From: Wolfgang Bumiller <w.bumiller@proxmox.com>
To: Dominik Csapak <d.csapak@proxmox.com>
Cc: pbs-devel@lists.proxmox.com
Subject: Re: [pbs-devel] [PATCH proxmox-backup v3 3/5] datastore: implement sync-level tuning for datastores
Date: Thu, 20 Oct 2022 15:09:18 +0200 [thread overview]
Message-ID: <20221020130918.gh5ktoksnzqu46c5@casey.proxmox.com> (raw)
In-Reply-To: <20221020074058.717152-4-d.csapak@proxmox.com>
Looks mostly good to me, minor nits inline:
On Thu, Oct 20, 2022 at 09:40:56AM +0200, Dominik Csapak wrote:
> currently, we don't (f)sync on chunk insertion (or at any point after
> that), which can lead to broken chunks in case of e.g. an unexpected
> powerloss. To fix that, offer a tuning option for datastores that
> controls the level of syncs it does:
>
> * None (default): same as current state, no (f)syncs done at any point
> * Filesystem: at the end of a backup, the datastore issues
> a syncfs(2) to the filesystem of the datastore
> * File: issues an fsync on each chunk as they get inserted
> (using our 'replace_file' helper) and a fsync on the directory handle
>
> a small benchmark showed the following (times in mm:ss):
> setup: virtual pbs, 4 cores, 8GiB memory, ext4 on spinner
>
> size none filesystem file
> 2GiB (fits in ram) 00:13 0:41 01:00
> 33GiB 05:21 05:31 13:45
>
> so if the backup fits in memory, there is a large difference between all
> of the modes (expected), but as soon as it exceeds the memory size,
> the difference between not syncing and syncing the fs at the end becomes
> much smaller.
>
> i also tested on an nvme, but there the syncs basically made no difference
>
> Signed-off-by: Dominik Csapak <d.csapak@proxmox.com>
> ---
> pbs-api-types/src/datastore.rs | 37 ++++++++++++++++++++
> pbs-datastore/src/chunk_store.rs | 59 +++++++++++++++++++++++++++-----
> pbs-datastore/src/datastore.rs | 39 ++++++++++++++++++---
> src/api2/backup/environment.rs | 2 ++
> src/api2/config/datastore.rs | 9 +++--
> 5 files changed, 131 insertions(+), 15 deletions(-)
>
> diff --git a/pbs-api-types/src/datastore.rs b/pbs-api-types/src/datastore.rs
> index 0af11b33..15ea80cd 100644
> --- a/pbs-api-types/src/datastore.rs
> +++ b/pbs-api-types/src/datastore.rs
> @@ -168,6 +168,42 @@ pub enum ChunkOrder {
> Inode,
> }
>
> +#[api]
> +#[derive(PartialEq, Serialize, Deserialize)]
+ Clone, Copy, Debug, Eq
also: you can derive Default now...
> +#[serde(rename_all = "lowercase")]
> +/// The level of syncing that is done when writing into a datastore.

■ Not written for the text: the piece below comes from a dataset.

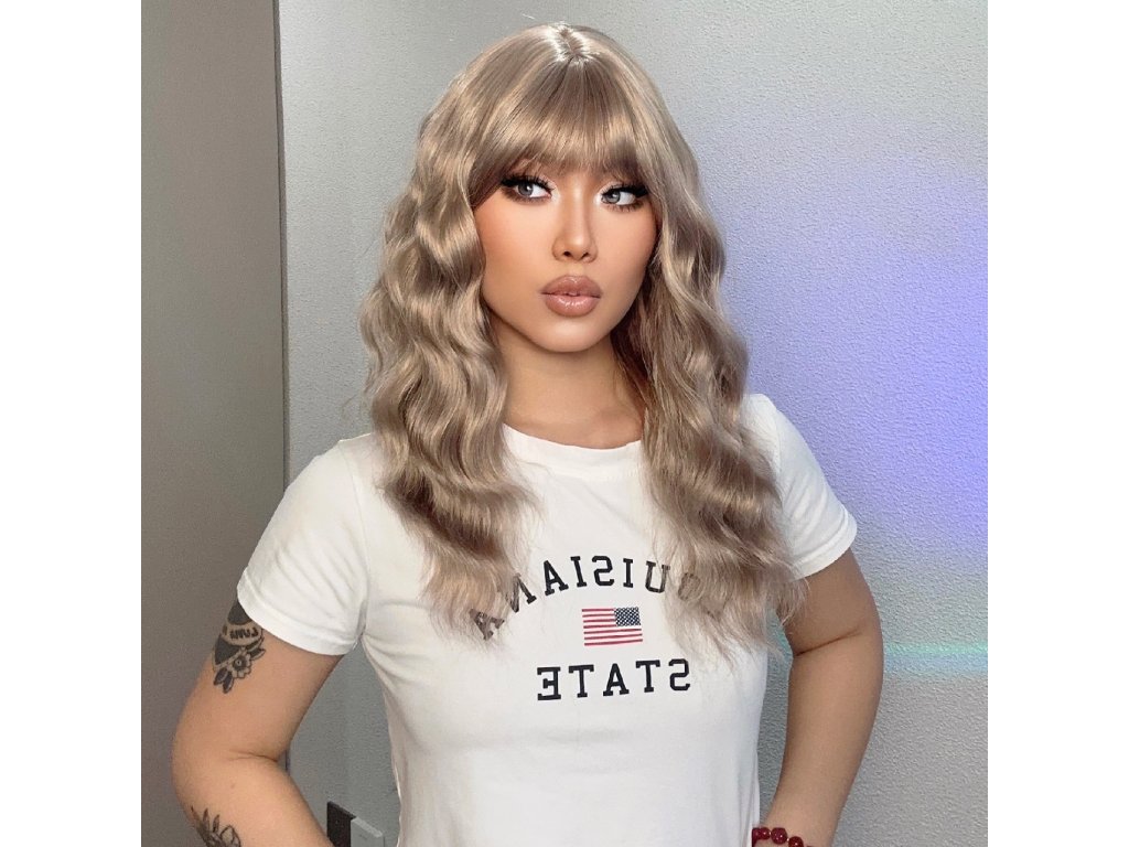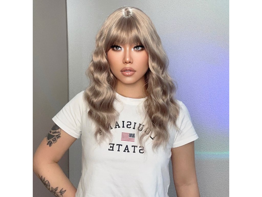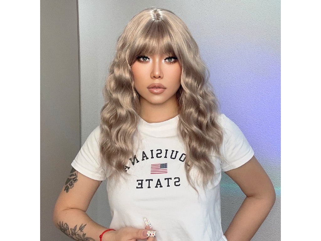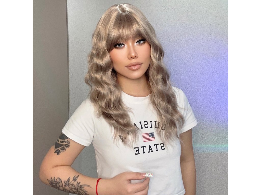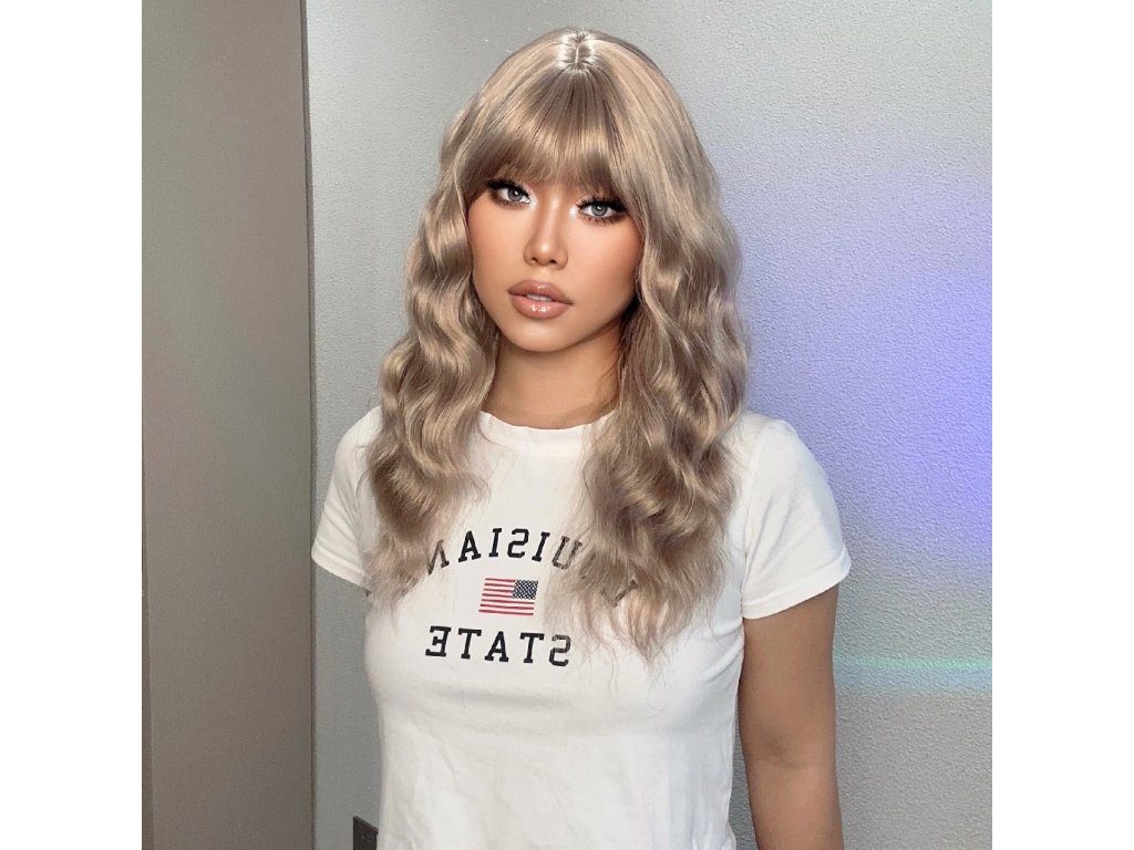 Elegantní perleťová blond paruka Taylor s jemnými vlnami a rovnou ofinou

> +pub enum DatastoreFSyncLevel {
> + /// No special fsync or syncfs calls are triggered. The system default dirty write back
> + /// mechanism ensures that data gets is flushed eventually via the `dirty_writeback_centisecs`
> + /// and `dirty_expire_centisecs` kernel sysctls, defaulting to ~ 30s.
> + ///
> + /// This mode provides generally the best performance, as all write back can happen async,
> + /// which reduces IO pressure.
> + /// But it may cause losing data on powerloss or system crash without any uninterruptible power
> + /// supply.
... if you add #[default] here.
> + None,
> + /// Triggers a fsync after writing any chunk on the datastore. While this can slow down
> + /// backups significantly, depending on the underlying file system and storage used, it
> + /// will ensure fine-grained consistency. Depending on the exact setup, there might be no
> + /// benefits over the file system level sync, so if the setup allows it, you should prefer
> + /// that one. Despite the possible negative impact in performance, it's the most consistent
> + /// mode.
> + File,
> + /// Trigger a filesystem wide sync after all backup data got written but before finishing the
> + /// task. This allows that every finished backup is fully written back to storage
> + /// while reducing the impact on many file systems in contrast to the file level sync.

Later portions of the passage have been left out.